Idiopathic pulmonary fibrosis: now a treatable disease and other highlights from the 2014 American Thoracic Society Annual Conference

ATS 2014 photo

by Matthew Stanbrook, Deputy Editor, CMAJ, in San Diego, U.S.A.

Idiopathic pulmonary fibrosis is a chronic progressive disease in which the normal connective tissue of the lungs (the interstitium) is replaced by scar tissue through mechanisms we are rapidly understanding much better. The disease causes the lungs to become stiff (decreased lung compliance), small (lung restriction) and impaired in their primary function of gas exchange (impaired diffusion capacity). It affects an estimated 20,000-30,000 Canadians and has a median survival of 2-4 years from diagnosis, although some patients live much longer. While its onset is typically late in life, the disease can rarely occur much earlier, as attested by my hospital’s lung transplantation program, whose graduates include triumphs like social media superstar and Ellen DeGeneres guest Hélène Campbell, as well as tragedies like Cambridge, Ontario’s organ donation advocate Kayla Baker, who despite getting a new lung died earlier this year at the tender age of 15. I have had the privilege of crossing paths with both of these young women, whose stories are inspiring, yet serve as a stark reminder of the desperate need for effective treatments for this disease.

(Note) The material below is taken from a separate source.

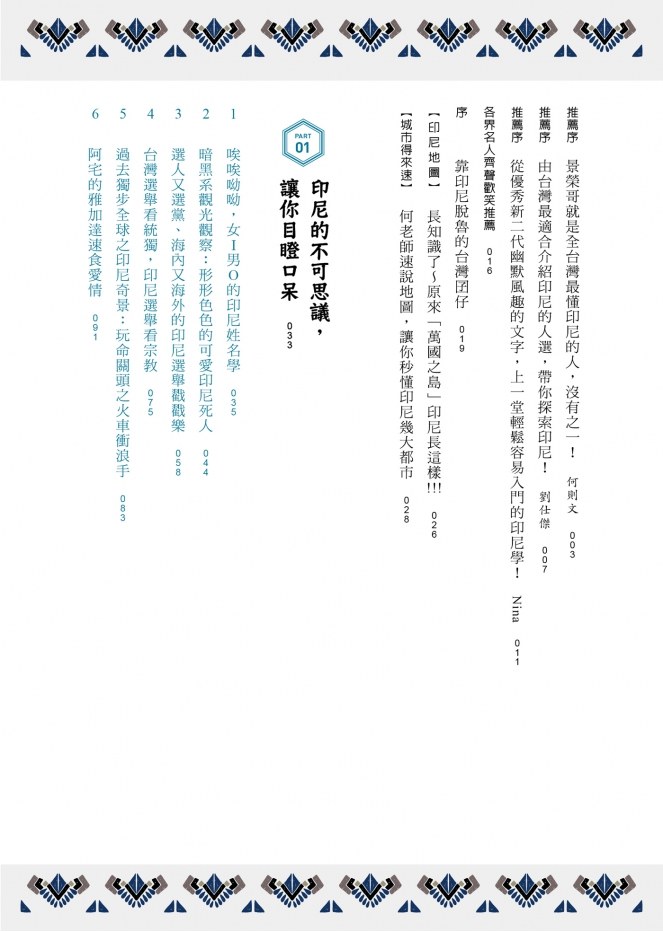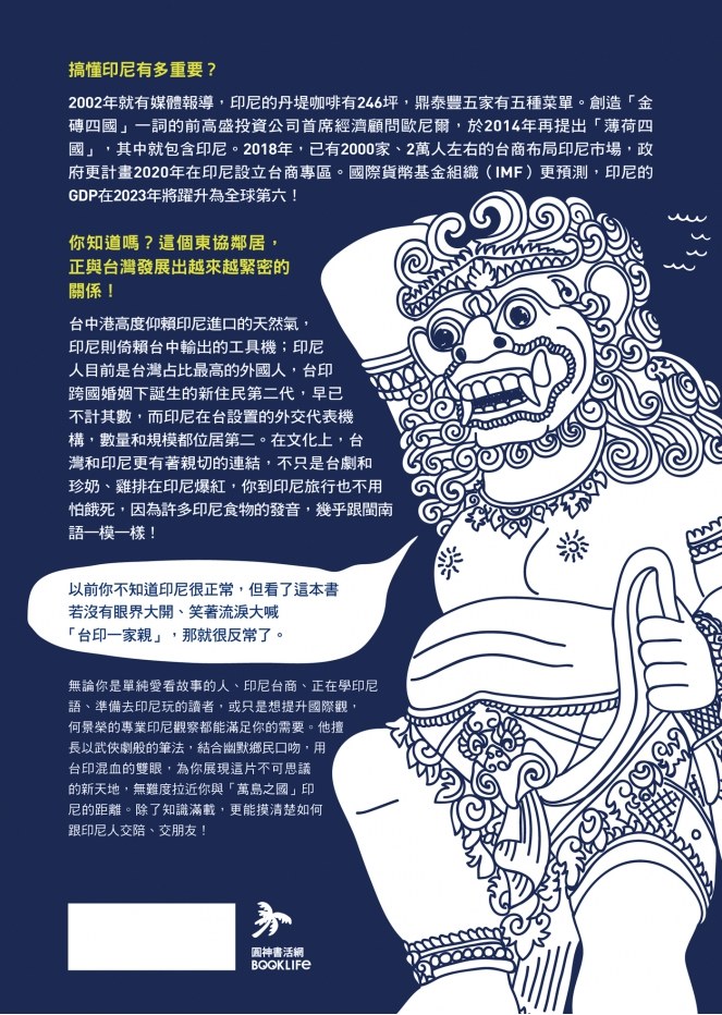 「不管是選舉、新創產業,或者媲美大甲媽的遶境、洗手間的『田野』調查,生動有趣、「嘴」之有物,絕對是你認識印尼的第一本書。」

Patients with idiopathic pulmonary fibrosis, and those of us who care for them, have long been frustrated by the lack of such treatments, and more so by the fact that most innovative therapies tested to date have failed to show benefit and have often increased rather than decreased mortality. All this has suddenly changed with new research presented last week at the 2014 American Thoracic Society Annual Conference. These studies have now documented clear and compelling benefits of two medications, one of which is already in clinical use in Canada. Another equally important study has shown the lack of benefit of an older but widely used treatment.

Let’s start with the bad news. For decades, we had been treating idiopathic pulmonary fibrosis with potent systemic anti-inflammatory medications such as prednisone, azathioprine, and cyclophosphamide, based on the observation that chronic inflammation is a consistent feature of the disease, but likely the wrong mechanism on which to focus, as it turns out. We did so well in advance of obtaining any good evidence of benefit with this approach, which as usual turns out to have been a bad idea. In 2011, the large PANTHER IPF trial, evaluating combination therapy with prednisone, azathioprine and acetylcysteine, was stopped early by its data safety monitoring board due to findings of increased mortality with this regimen. In addition to a placebo arm, this trial had a 3rd arm that was randomized to acetylcysteine alone. After a brief hiatus of 3 months, the PANTHER IPF trial was allowed to continue with these latter 2 arms.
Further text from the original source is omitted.